:: Exercise description ::
Only the lines below, from the one with "Da sind wir" through the one with "正负极协同全生命周期预锂化策略用于高性能锂离子电池", are to be written out, exactly.

:: Data for this exercise ::
Content starts
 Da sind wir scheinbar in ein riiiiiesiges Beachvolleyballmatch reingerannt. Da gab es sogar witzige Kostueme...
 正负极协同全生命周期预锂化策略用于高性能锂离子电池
Content ends
Content starts
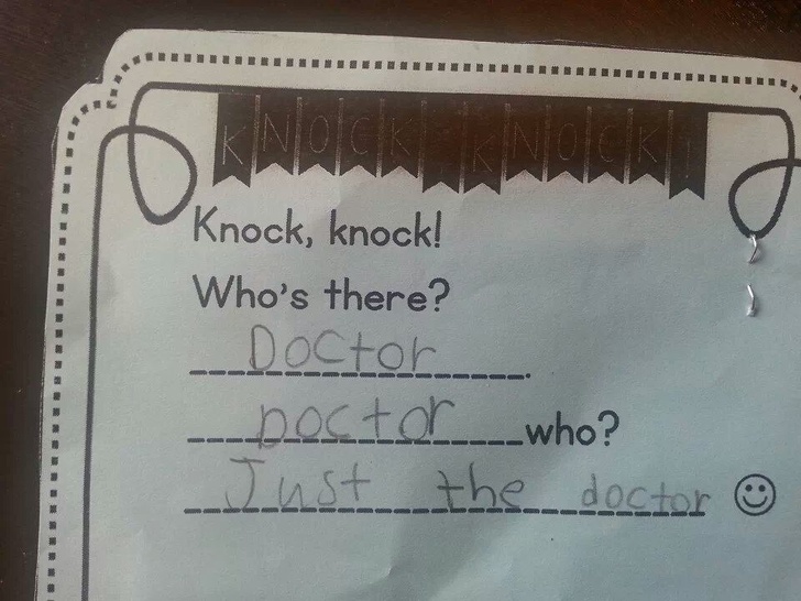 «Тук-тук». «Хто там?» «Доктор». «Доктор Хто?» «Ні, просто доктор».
Content ends
Content starts
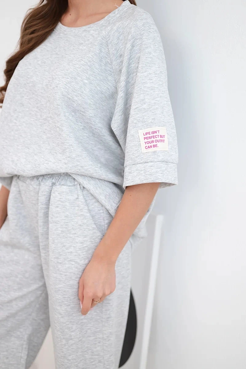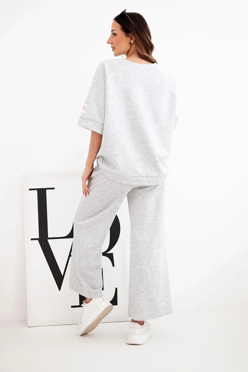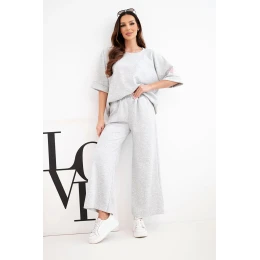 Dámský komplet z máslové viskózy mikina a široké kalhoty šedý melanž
Content ends
:: Problem solution ::
 Da sind wir scheinbar in ein riiiiiesiges Beachvolleyballmatch reingerannt. Da gab es sogar witzige Kostueme...
 正负极协同全生命周期预锂化策略用于高性能锂离子电池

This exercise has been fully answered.